Anael didn’t look like an angel on a mission to pluck out evil, root and branch. He looked, in the main, eager. And a bit damp.
“Nearly there,” Crowley said, his voice smoothly amused. “Takes a bit of practice.” He smiled toothily at Anael, who looked like he couldn’t decide whether to be frightened or fascinated. Aziraphale pinched the bridge of his nose and wished for strength. He would have prayed for it, but it didn’t seem wise at the moment to invite more attention. He wondered if he should address the demonic elephant in the room, or if perhaps despite all evidence to the contrary Anael had missed it, or—
“So you really do have a demon friend,” Anael blurted out. Well. That answered that, in the most terrifying way possible.
“In the flesh,” Crowley said.
“More of a nemesis,” Aziraphale said, simultaneously. Crowley turned and looked at him, his face blank. “We’re nemeses, and, you see, Crowley occasionally stops by to discuss—work matters—very occasionally—various important, er, struggles between our two sides—We, erm, we, well, we negotiate—”
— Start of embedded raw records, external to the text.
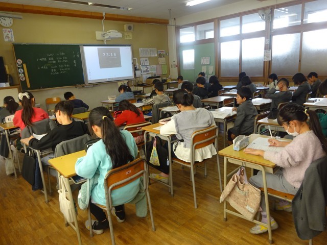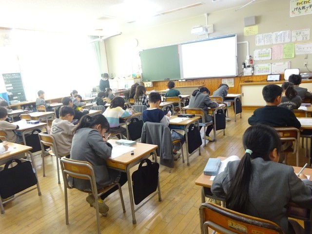 年生までの児童は真剣な表情で問題用紙に向き合い、鉛筆を走らせていました。どの児童も、問題文を丁寧に読み込み、これまでの学びを総動員して解答欄を埋めていく姿が見られました。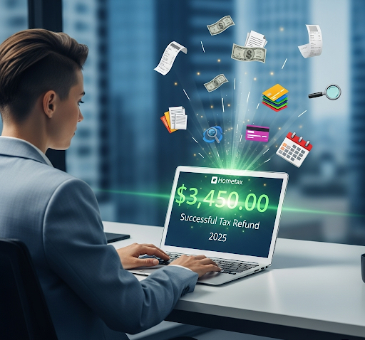 - **홈택스 접속**: 국세청 홈택스 웹사이트 또는 앱 접속.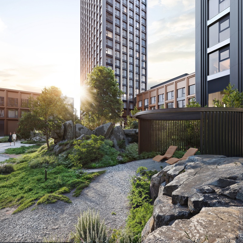 На территории жилого комплекса обустроят площадки для йоги и воркаута, места для отдыха, включая шезлонги под навесом, водоем с водопадом, уличную террасу и детский игровой комплекс. Собственная инфраструктура проекта включает городскую школу и детский сад, а также масштабный плей-хаб для юных резидентов.
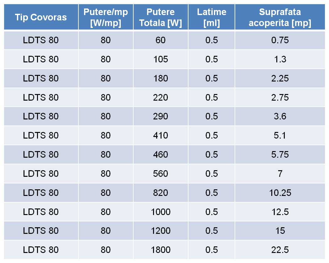 Covorasul incalzitor LDTS este realizat cu un cablu de tip bifilar (miez dublu conductor) foarte subtire cu ecran metalic, cu rezistenta constanta/ml, utilizat pentru incalzirea in pardoseala, potrivit pentru incaperi obisnuite - sunt ideale pentru fixarea cu adeziv direct sub placile ceramice. Este disponibil la rola intr-o gama larga de puteri si suprafete (vezi mai jos tabelul cu dimensiunile disponibile), permitand astfel o buna flexibilitate la montaj. Covorasele LDTS au pe suprafata inferioara doua benzi auto-adezive pentru fixarea de pardoseala. Diametrul cablului este cuprins intre 3.0 - 4.0 mm, iar alimentarea acestuia se face la un singur capat print-un cablu ''rece'' cu o lungime de 1x3m. Gradul ridicat de protectie IP 67 ii confera posibilitatea de a fi instalat chiar si in zone cu umiditate ridicata (bai). Garantia este de 10 ani, putand fi extinsa in anumite conditii pe durata de viata a pardoselei, fiind astfel sistemul de incalzire cu cea mai lunga durata de viata.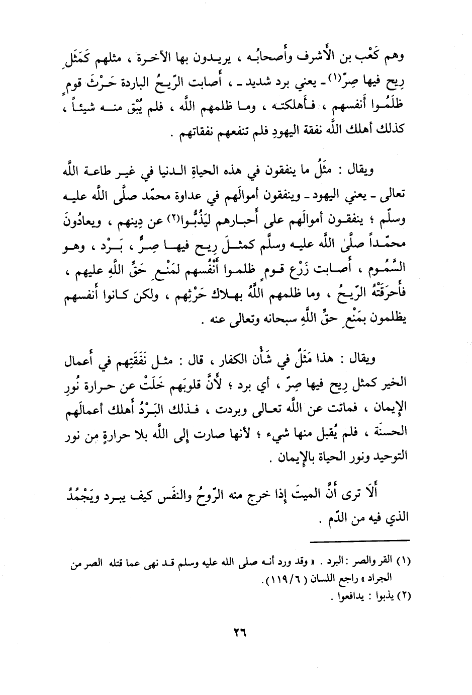 وَيُقَال هَذَا مثل فِي شَأْن الْكفَّار قَالَ مثل نَفَقَتهم فِي أَعمال الْخَيْر كَمثل ريح فِيهَا صر أَي برد لِأَن قُلُوبهم خلت عَن حرارة نور الْإِيمَان فَمَاتَتْ عَن الله تَعَالَى وَبَردت فَذَلِك الْبرد أهلك أَعْمَالهم الْحَسَنَة فَلم يقبل مِنْهَا شَيْء لِأَنَّهَا صَارَت إِلَى الله بِلَا حرارة من نور التَّوْحِيد وَنور الْحَيَاة بِالْإِيمَان

He trailed off, unable to think of what they might negotiate. Anael looked impressed anyway.
“Wow, nemeses! Can I watch?” he asked, and then blushed, for some reason. “I mean, the negotiations?”
Crowley’s eyebrows arched high enough to be visible above his sunglasses.
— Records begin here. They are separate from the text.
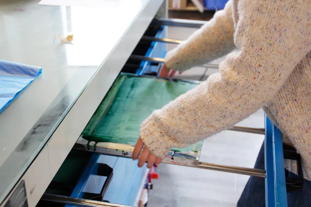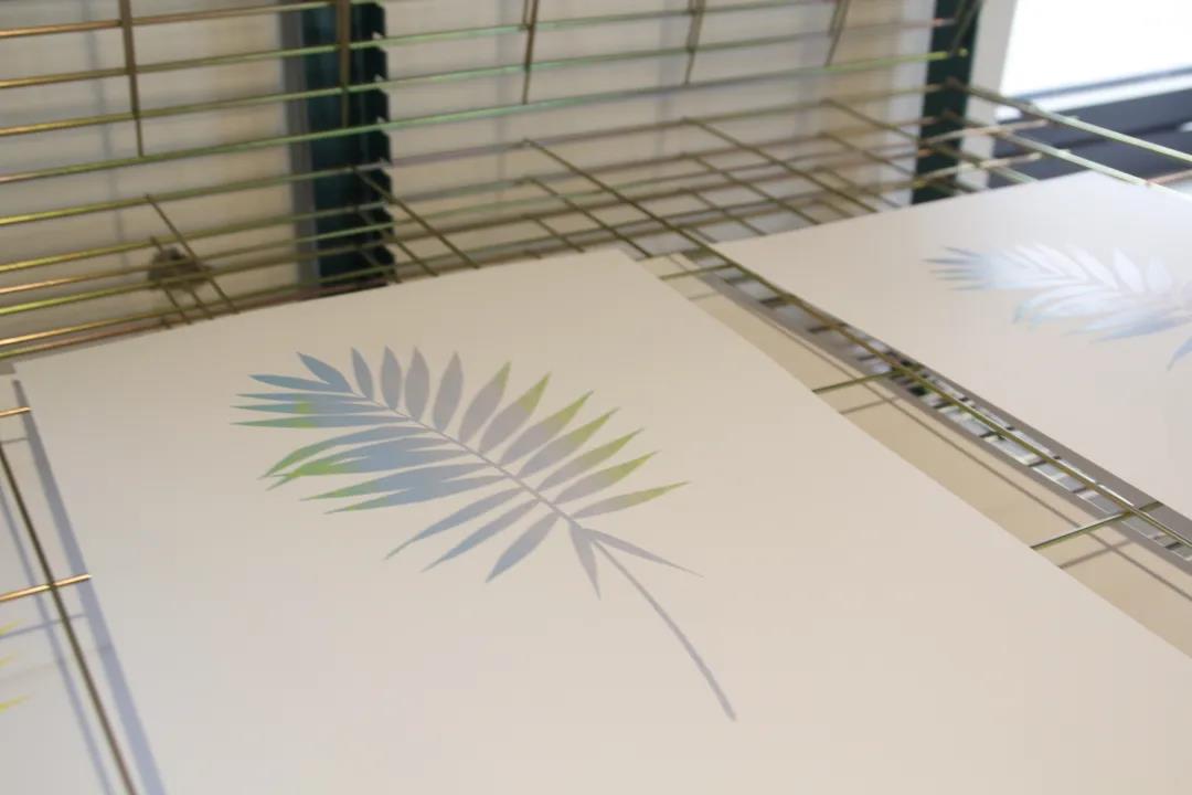 網(wǎng)框反面朝上放入烘箱中遮光烘干,等待曝光制版。葉片替代菲林片起到了遮光的用途,在絲網(wǎng)上留下的自然的氣息。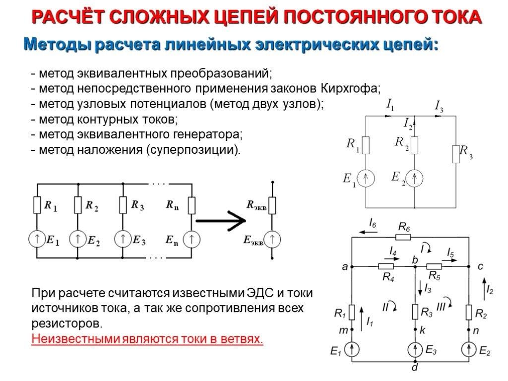 Расчет нелинейных электрических цепей постоянного тока производится на основе закона Кирхгофа. Методы расчета для линейных и нелинейных схем разные. Поэтому последние в рамках данной статьи не рассматриваются.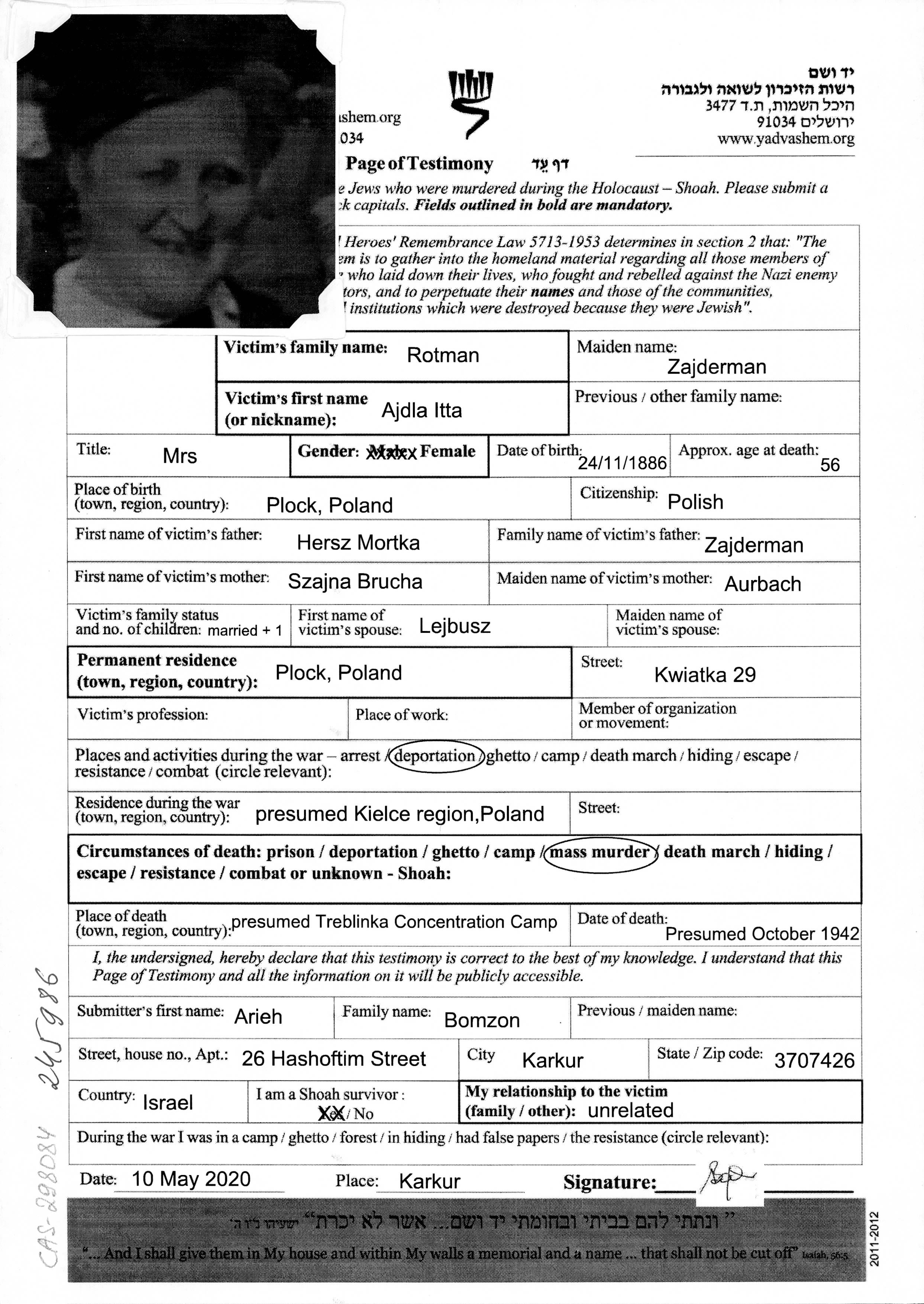 Ajdla Itta Rotman nee Zajderman was born in Plock, Poland, 1886. Prior to WWII she lived in Plock, Poland.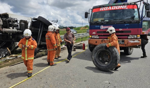A Sarawak Fire and Rescue Department (JBPM) spokesperson said the victim, identified as Derald Suggin, 36, was the lorry’s attendant.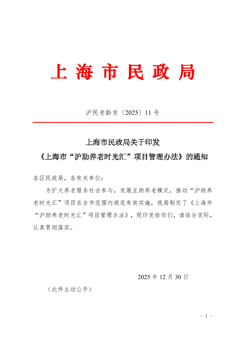 上海市“沪助养老时光汇”项目管理办法

“—in any case—that is, tell me your purpose in afflicting this good place, foul fiend,” he said, looking at Crowley desperately for help. He rather regretted making the tea, now. He might at least have thought not to bring out three teacups.
Something similar must have been occurring to Crowley, because he pursed his lips and leaned forward to pick up his teacup with an air of irony.
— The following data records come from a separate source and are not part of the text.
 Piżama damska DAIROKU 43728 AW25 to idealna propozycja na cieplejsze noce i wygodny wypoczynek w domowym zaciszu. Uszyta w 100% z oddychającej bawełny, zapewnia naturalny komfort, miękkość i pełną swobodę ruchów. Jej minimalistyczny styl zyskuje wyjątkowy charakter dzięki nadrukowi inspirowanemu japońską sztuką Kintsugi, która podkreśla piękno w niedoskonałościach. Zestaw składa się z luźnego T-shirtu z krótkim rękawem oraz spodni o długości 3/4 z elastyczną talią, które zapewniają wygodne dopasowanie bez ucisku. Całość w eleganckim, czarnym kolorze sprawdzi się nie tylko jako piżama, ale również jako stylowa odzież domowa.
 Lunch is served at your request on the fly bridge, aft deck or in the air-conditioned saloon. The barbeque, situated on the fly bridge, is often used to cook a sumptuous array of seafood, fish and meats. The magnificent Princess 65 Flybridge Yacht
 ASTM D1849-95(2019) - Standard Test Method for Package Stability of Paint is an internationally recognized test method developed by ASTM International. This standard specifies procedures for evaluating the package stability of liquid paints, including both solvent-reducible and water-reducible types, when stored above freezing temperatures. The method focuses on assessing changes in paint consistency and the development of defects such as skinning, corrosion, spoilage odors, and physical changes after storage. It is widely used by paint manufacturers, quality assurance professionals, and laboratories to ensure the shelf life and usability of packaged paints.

“Why do you think I’m here?” he asked. He took a sip of the tea.
“I’m sure I really couldn’t say,” Aziraphale said, glaring at him. Crowley might not commit as many evil deeds as he pretended to, and he didn’t deserve discorporation or whatever else Anael was here to do to him, but the creature did live to be insufferable.
“I can come back later if this is an inconvenient time,” Crowley said. “I didn’t realize you had a… houseguest.”
Anael, who had looking back and forth between them as though he were watching a tennis match, blinked to be addressed, although Crowley hadn’t actually looked at him. “Oh, me?” he said.
At this, Crowley did turn to stare at Anael. He waited another moment and then pushed himself upright off the bookshelf, slinking around the edge of the room while the two angels watched. When he’d arrived at Anael’s chair, he stood over it, hips cocked.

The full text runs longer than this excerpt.